One is from a corpus of the entire Internet, and it is of probably the lowest quality that I would want to use at all. It’s bloated with particles, punctuation and roman characters, and there isn’t much I can do to clean it up without really throwing off the quality calculations. It was also collected in 2004. ;_; It’s also badly truncated, so it’s liable to the shortest list I put up. That said, it’s still almost 2/3 of the words on WK, and I figure its relevant, even if the ratings are a bit depressed.
The second one is based on years of 読売 and 毎日 newspaper data, and is very high quality. Probably the best I’ve seen so far. It comes from 2010, and processed nicely into almost every single word in WK. I stripped out just the particles, and the distributions look great.

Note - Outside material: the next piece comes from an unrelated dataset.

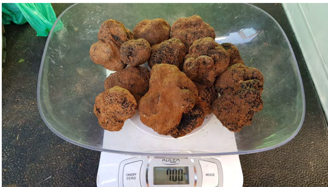
Producción de una de las salidas de 2020

Los datos de recolección por fechas se sumen en el último de los 3 completados, donde están acumuladas las producciones recogidas:

Looking at this data I’m realizing I want to spend some more time processing and trying to filter out less useful entries. I don’t think I’m going to be able to do much with that internet data short of going to the source (something that is possible, given the tool that generated it is available and open source) but will require a deeper dive.
So what’s left for words: we talked about NHK Easy, but given the we have such a superior data set for two other news sources (albeit fully native/non-children’s) I’m a little unsure how much value there is given the jankiness of its provenance. The other one is the vaporware that is my anime corpus. Yeah… I definitely still intend on getting to it, but it’s really going to take some time…
I’m going to spend some more time on data cleanup today and then head off to do other things. Hopefully this is enough to go on!